• [EXERCISE DETAILS]:
Please leave out pictures and print exactly the lines from the one that has "French Princess Alais" through the last line of the material below.

• [DATA EXTRACT]:
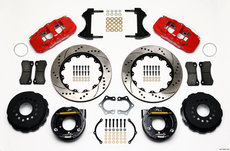 Wilwood AERO4 Rear P-Brake Kit 14.00in Drill Red Mopar/Dana 2.36in Off w/Snap Ring Bearing
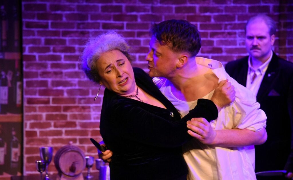 French Princess Alais (Katie Ford who appeared in Albert’s Bridge in Jekyll & Hyde), nurtured years ago by Eleanor, is poised to supplant her: Eleanor doesn’t see her as a threat, yet; and plots for her to marry Richard. All Alais wants is Henry. Anything else – like children – she knows would be snatched away. Ford moves suavely, sometimes passionately, initiating one of two passionate kisses, both with Henry, his other a surprise). Intimacy co-ordinator Elodie Foray makes it look steamy too. Though there’s a twist.
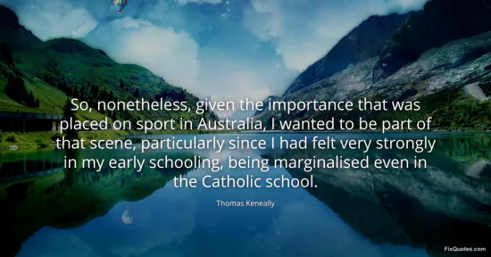 Keneally, Thomas. "So, nonetheless, given the importance that was placed on sport in Australia, I wanted to be part of that scene, particularly since I had felt very strongly in my early schooling, being marginalised even in the Catholic school." FixQuotes. February 18, 2026. https://fixquotes.com/quotes/so-nonetheless-given-the-importance-that-was-83768/.

• [RESULT]:
 French Princess Alais (Katie Ford who appeared in Albert’s Bridge in Jekyll & Hyde), nurtured years ago by Eleanor, is poised to supplant her: Eleanor doesn’t see her as a threat, yet; and plots for her to marry Richard. All Alais wants is Henry. Anything else – like children – she knows would be snatched away. Ford moves suavely, sometimes passionately, initiating one of two passionate kisses, both with Henry, his other a surprise). Intimacy co-ordinator Elodie Foray makes it look steamy too. Though there’s a twist.
 Keneally, Thomas. "So, nonetheless, given the importance that was placed on sport in Australia, I wanted to be part of that scene, particularly since I had felt very strongly in my early schooling, being marginalised even in the Catholic school." FixQuotes. February 18, 2026. https://fixquotes.com/quotes/so-nonetheless-given-the-importance-that-was-83768/.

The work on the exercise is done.